When to Use CPAF Contracts?
Here are the 3 criteria to choose CPAF contracts:
High-Complexity Projects with Performance Uncertainty
A CPAF contract is a viable option when a project is too complex, such that its results cannot be measured or anticipated easily. Consider large-scale systems, advanced research, or new technologies. In this situation, success cannot be priced. But this model helps the contractors to perform well in many aspects, such as quality, safety, and innovation, besides reducing the cost. It helps to achieve all-around performance where accuracy and flexibility are key.
Government, Aerospace, and R&D Projects
These contracts are often used by agencies such as NASA and the Department of Defense on long-term or risky projects. Such projects are usually dynamic, where changes are made in the middle of the project. A CPAF structure allows the government to control the contractor’s performance without needing to redefine the contract each time there are changes.
Projects Needing Ongoing Contractor Motivation
Some projects may take years, and it is difficult to maintain performance at a high level. Here, contracts can be used to reward contractors periodically. The award isn’t guaranteed—it’s earned through solid, reviewed performance. This arrangement encourages ongoing improvements and enables course adjustments as necessary, which is invaluable in dynamic, changing projects.
What are the Benefits of the CPAF Contract
The cost-plus-award-fee has the following advantages:
- Promotes high-quality performance: CPAF contracts offer more benefits over budget compliance. Contractors are also encouraged to do high-quality work because their work is evaluated in many aspects, such as technical accuracy and client satisfaction. It results in improved outcomes and reduced shortcuts.
- Flexible incentive mechanism: These contracts are flexible and based on the project’s requirements. In case priorities change during the project, the evaluation criteria can be changed as well, so the contractor stays motivated.
- No penalty for cost overruns: All reasonable costs are reimbursed to contractors, which allows them to concentrate on the job without having to worry about unpredictable costs.
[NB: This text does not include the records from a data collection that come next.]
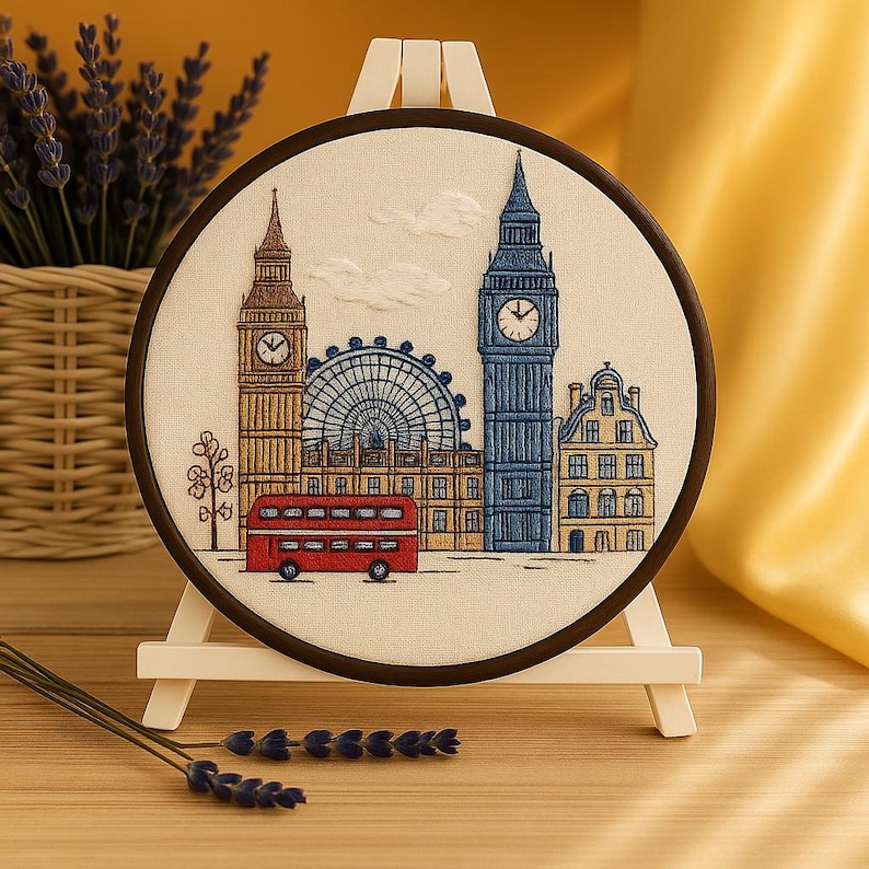 Capture the timeless charm of London with this elegant DIY embroidery kit featuring Big Ben, the London Eye, and the iconic red double-decker bus. Perfect for relaxing craft sessions, this kit lets you create a beautiful keepsake inspired by your favorite city.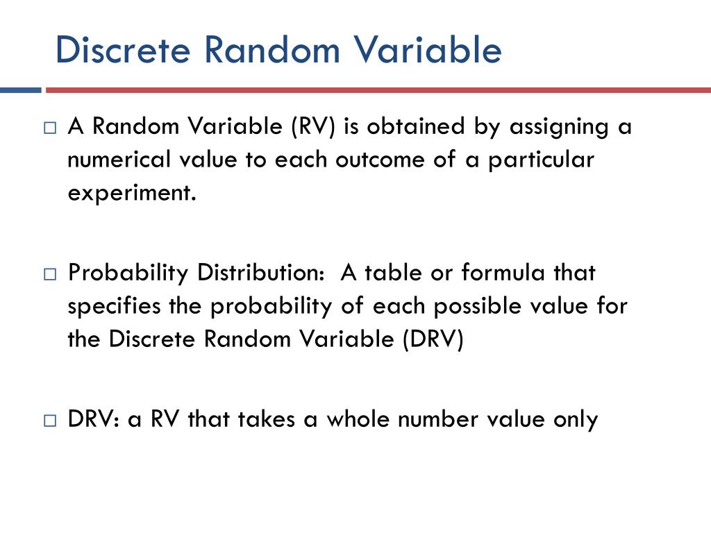 Discrete Random Variable • A Random Variable (RV) is obtained by assigning a numerical value to each outcome of a particular experiment. • Probability Distribution: A table or formula that specifies the probability of each possible value for the Discrete Random Variable (DRV) • DRV: a RV that takes a whole number value only
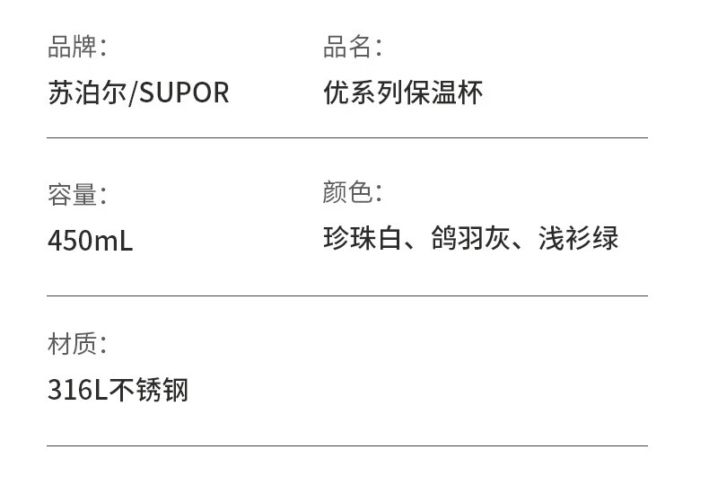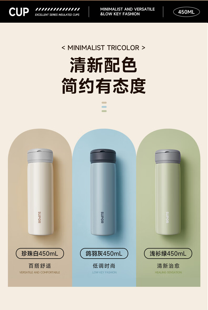 苏泊尔优系列保温杯450mL.KCV45BC10
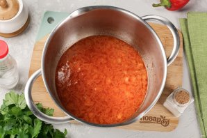 Затем добавьте воду, соль, сахар и томатную пасту. Помешивая доведите до кипения.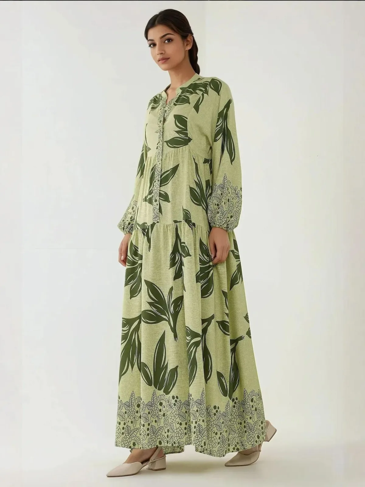 Design: Elastische taille/zoom; Type sluiting: Knoopsluiting; Materiaal: Viscose; Halstype: Uitgesneden hals; Motief: Bloemenprint; Kraag: Tuniek kraag; Details: Volant, Gedrapeerd; Extra's: All-over patroon; Lengte: Lang/maxi; Snit: Uitlopend; Pasvorm: Losse pasvorm; Armlengte: Lange mouw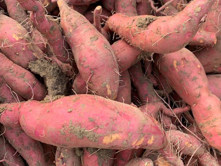 Die Sorte „Beauregard“ bedeckt das Feld mit Trieben von bis zu zwei Metern. Das typische orangefarbene Fruchtfleisch und den süßcremigen Geschmack lässt die nährstoff- und vitaminreiche Knolle in der Küche vielseitig einsetzen. Der Erntezeitpunkt ist Mitte Oktober.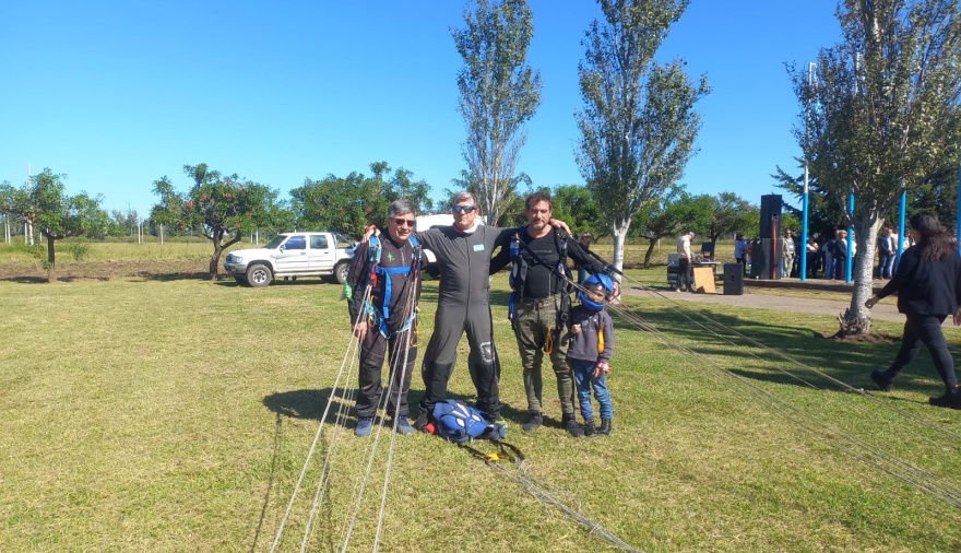 Uno de los momentos más emocionantes de la jornada fue la llegada sorpresa de cinco paracaidistas, coordinada por Leandro Noya, en homenaje a los veteranos.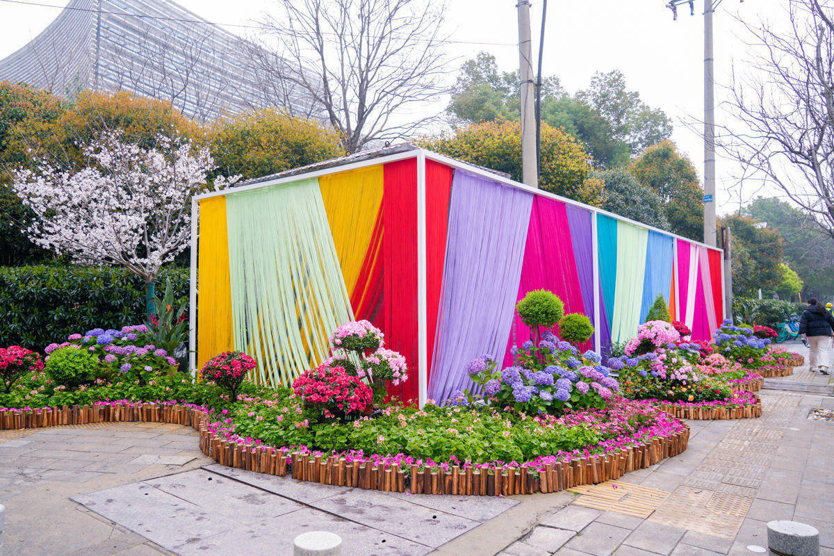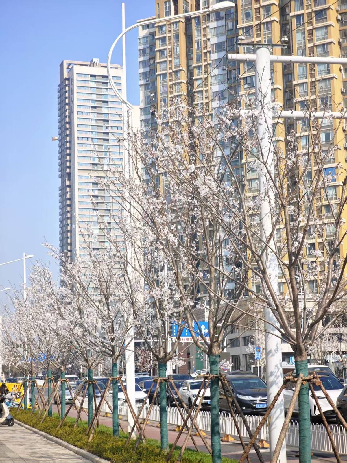 建设三路,有法桐、樱花、绿地,还有报春花在路边吆喝加油呢。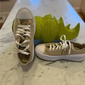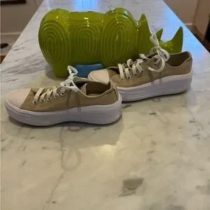 Converse All Stars platforms in nutty oatmeal/beige/tan.
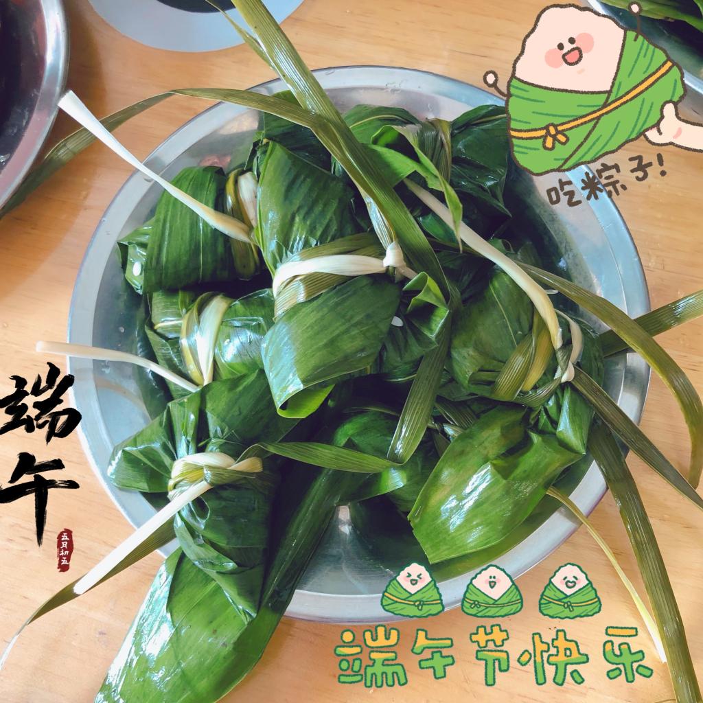 食堂的叔叔阿姨为我们提供了泡好的糯米、粽叶和蜜枣。快看!你馋了没有?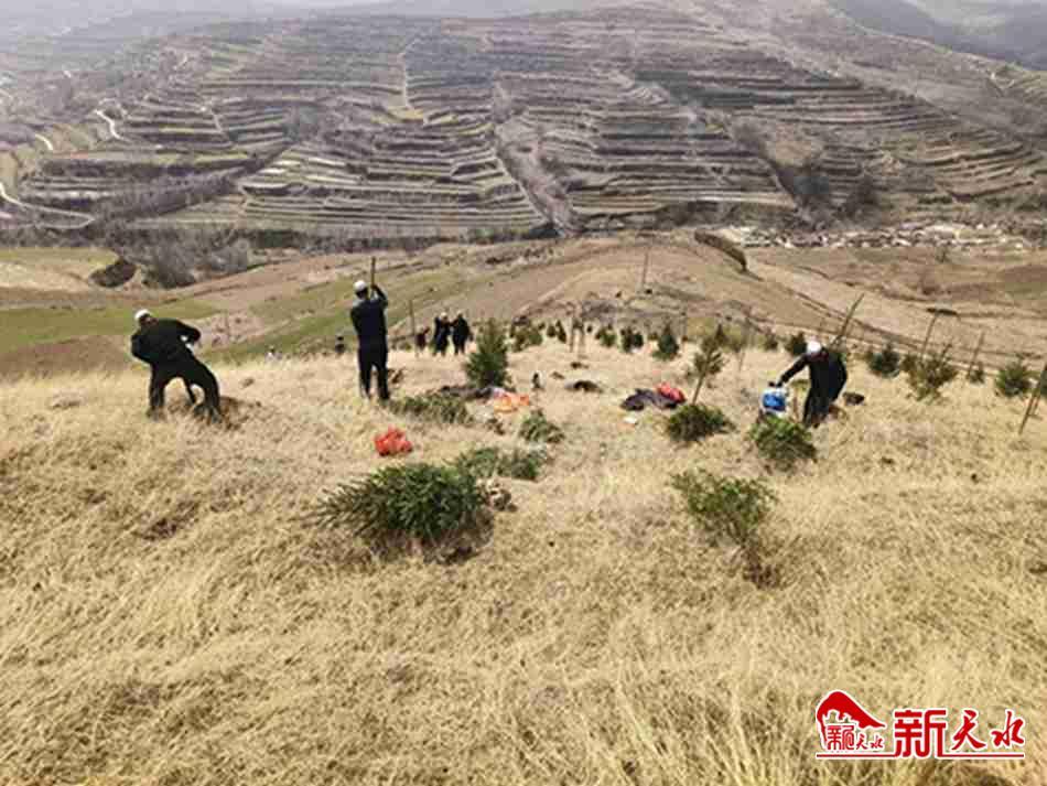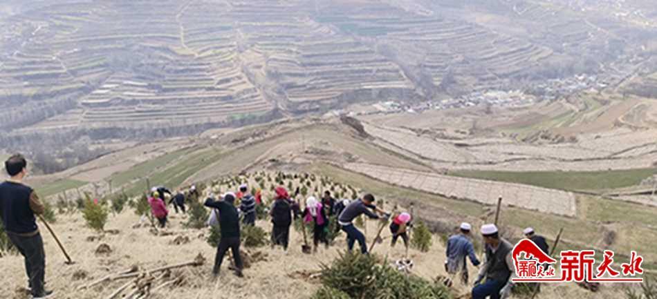 新天水讯 3月21日至22日,张家川县胡川镇组织党员干部、志愿者在胡川村西坡山体开展植树活动,活动共组织了志愿者和村组干部等100余人参与。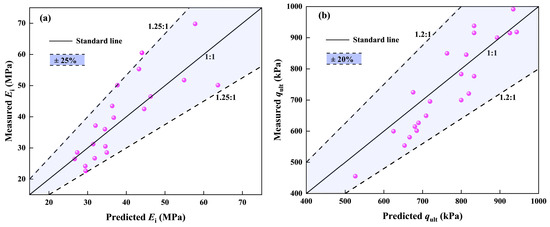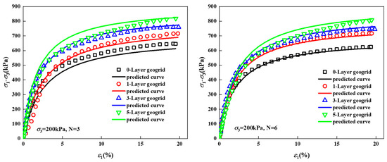The deviatoric stress–strain curve of GRES subjected to F-T cycles was calculated by Equation (10), as shown in Figure 12. Compared to the experimental data, the predicted curves were well fitted to the test values, and the stress–strain deviations at the peak points were within 5.1%. The Duncan–Zhang modified model can be used as a prediction formula for the stress–strain characteristics of GRES under freeze–thaw cycling conditions. The research results can provide important theoretical support for the practical engineering design of GRES in cold regions.

There’s no direct penalty for overruns as long as costs are allowed.
What are the Drawbacks of the CPAF Contract
The cost-plus-award-fee has the following disadvantages:
- Subjective evaluation: The award fee is not formula-based. This create disputes when contractors think that they were not evaluated fairly or in a uniform manner. Fairness can be questioned when there are no clear standards of scoring.
- Requires continuous oversight: The contracts require constant monitoring. So, review boards must approve expenses and evaluate performance regularly. This creates extra administrative work for both the client and contractor.
- Limited cost control incentives: Cost savings do not directly increase the contractor’s fee (as under CPIF contracts), and so there is less incentive to lower costs. Contractors may not be efficient in their approach and may increase the overall costs of the project.
- Be Complex to Administer: The contracts often require detailed tasks, strict systems and regular checks. Administration needs to be skilled and attentive to follow through on adjustments and fee calculations.